2.2. Let $\{U_\alpha\}$ be an affine open cover for $X$ with $U_\alpha\cong\text{Spec}(A^\alpha).$ Observe that $U\cap U_\alpha$ is an open subset of $U_\alpha$ and hence $U\cap U_\alpha=\bigcup_{\beta} U_{\alpha,\beta}$ such that for each $\beta$ we have $U_{\alpha,\beta}\cong D(f_{\alpha,\beta})\subseteq\text{Spec}(A_{f_\alpha})$ with $f_{\alpha,\beta}\in A^\alpha.$ From proposition 2.2 we know $D(f_{\alpha,\beta})\cong\text{Spec}(A^\alpha_{f_{\alpha,\beta}}).$ Therefore $U=\bigcup_{\alpha,\beta}U_{\alpha,\beta}$ and $\{U_{\alpha,\beta}\}$ is an affine open cover of $U.$ Therefore $(U,\mathscr{O}_X|_U)$ is a scheme.

Lemma 1. Suppose that $X$ is a topological space, $\mathscr{P}$ is a presheaf on $X$ , $\mathcal{B}$ is a basis for the topology on $X$ , and $\mathscr{P}$ is a $\mathcal{B}$ -sheaf. Then $\mathscr{P}^{+}$ is isomorphic to the sheaf generated by $\mathscr{P}$ as a $\mathcal{B}$ -sheaf. See Eisenbud proposition I-12 and exercise I-13 for information on $\mathcal{B}$ -sheaves.

It suffices to observe that $f(B):\mathscr{P}(B)\to\mathscr{P}^{+}(B)$ is an isomorphism for each set $B\in\mathcal{B}.$ Clearly the map $f(B)$ is surjective for each $B\in\mathcal{B}$ by definition and it is given by mapping a section $s\in\mathscr{P}(B)$ to the function $B\to\bigsqcup_{P\in B}\mathscr{P}_P$ given by $P\mapsto s_P$ (see proposition 1.2).
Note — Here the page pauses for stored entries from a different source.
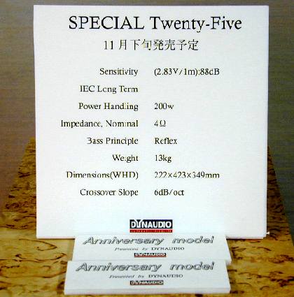 这几天不巧、要陪客人,失去了细细听大展的机会,不过忙里托偷闲去了两次、谈点儿我个人的感受和看法。让我感动的东西倒是有几件,先说第一件---上面图里的DD。大家一眼就能看出那对箱子是1.3SE、或是MK-II了,其实大家都错了,它是单拿25周年的纪念版---Dynaudio SPECIAL Twenty-Five,与1.3SE不同,下面的图是数据。这么小的书架箱竟有着落地箱般的低音素质,全段平衡相当出色,这与下面要谈到的前级及电源可能有关。据代理商说全日本现只有这一对,定价4500美元,约合55万日元。估计是有意同B&W的S805决一雌雄的,谁是雌、谁是雄永无结论的,单拿党也好、B&W派也好,还是自己去寻求结果吧。。。哈哈。
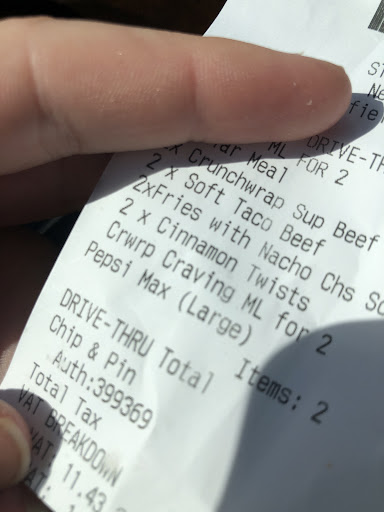 Northampton: 4pm on a Saturday, so not a quiet time but hardly peak rush either - especially with Cineworld still closed. 40 minutes sat in the drive-through to serve approx. 8 cars in front of us. Once we finally got to the window and paid we waited for a few minutes while the man running the window took the next order - only to be given the bag that had been right next to him the whole time. If it was there why make us wait, why not give it to us? We also had to ask for our drink, which was right in front of him next to the bag. What a surprise, when we got home we were missing an item. Sure it was only a couple of churros but come on...
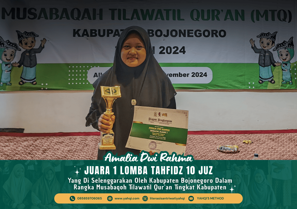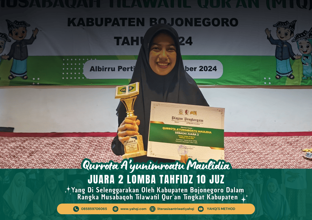 Tiga santri YAHQI, Ukhti Neza, Ukhti Amel, dan Ukhti Syifa, berhasil menorehkan prestasi membanggakan dengan meraih juara dalam lomba Syarhil Qur’an tingkat Kabupaten MTQ 2022.
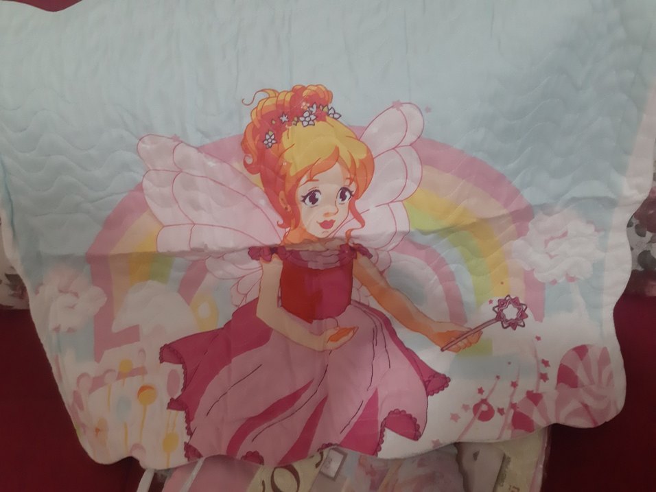 Pastel pembe renkte, baskılı perili yatak örtüsü Yumuşak sentetik kumaştan üretilmiştir, çocuk odalarına neşeli bir hava katar. ♀️
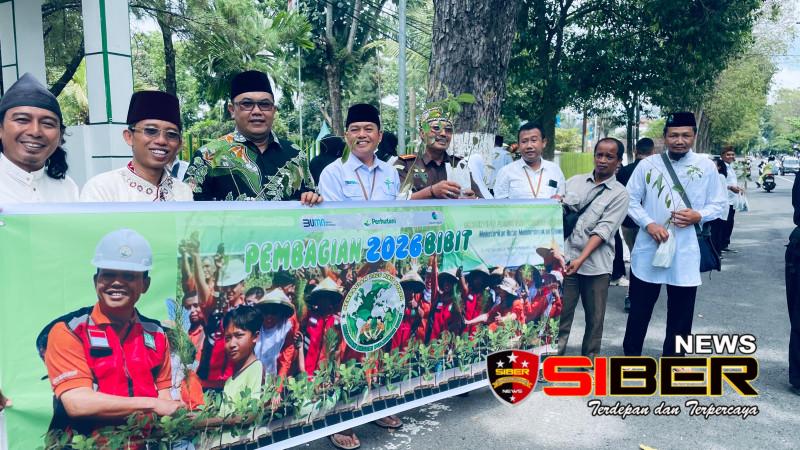 BONDOWOSO,SIBERNEWS.CO.ID _ Perum Perhutani Kesatuan Pemangkuan Hutan (KPH) Bondowoso melaksanakan kegiatan pembagian ribuan bibit Multi Purpose Tree Species (MPTS) kepada masyarakat dan pengguna jalan di depan Kantor Perhutani, Jalan A. Yani No. 90 Bondowoso, Kamis siang (8/1/2026). Sedikitnya 2.026 bibit yang terdiri dari mangga, durian, alpukat, dan sukun didistribusikan dalam agenda bertajuk “Sedekah Oksigen 2026” sebagai upaya peningkatan tutupan vegetasi sekaligus penguatan kapasitas ekosistem melalui partisipasi publik.
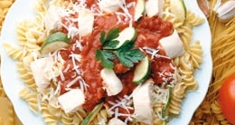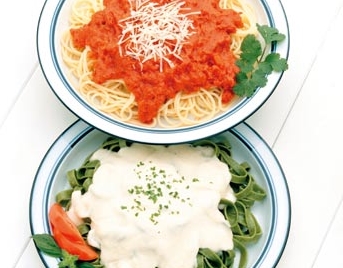 [材料] 意大利面500克,西葫芦100克,豆腐100克,卷心菜20克。番茄酱100克,白糖80克,香菜叶2/5小匙。

It remains to show that $f(B)$ is injective for each $B.$ Suppose that $s,t\in\mathscr{P}(B)$ are such that $f(B)(s)=f(B)(t).$ Then $s_P=t_P$ for all $P\in B.$ Thus for each $P\in B$ there exists an open set $U_P\subset B$ containing $P$ such that $s|_{U_P}=t|_{U_P}.$ Since $\mathcal{B}$ is a basis, we may pic a basis set $B_P\subset U_P$ containing $P.$ Therefore for each $P\in B$ there exists a basic open set $B_P\in\mathcal{B}$ containing $P$ such that $s|_{B_P}=t|_{B_P}.$ Therefore $s=t$ since $\mathscr{P}$ is a $\mathcal{B}$ -sheaf.

Corollary 2. Suppose that $X$ is a topological space, $\mathscr{F}$ is a sheaf on $X,$ and $\mathscr{P}$ is a presheaf on $X$ that forms a $\mathcal{B}$ -sheaf on some basis $\mathcal{B}$ of $X.$ If $f:\mathscr{P}\to\mathscr{F}$ is a map of $\mathcal{B}$ -sheaves (i.e. a collection of maps $f(B)$ for each $B\in\mathcal{B},$ compatible with restrictions) such that $f(B)$ is an isomorphism for each $B\in\mathcal{B},$ then there exists a induced map $\mathscr{P}^{+}\to\mathscr{F}$ that is an isomorphism of sheaves.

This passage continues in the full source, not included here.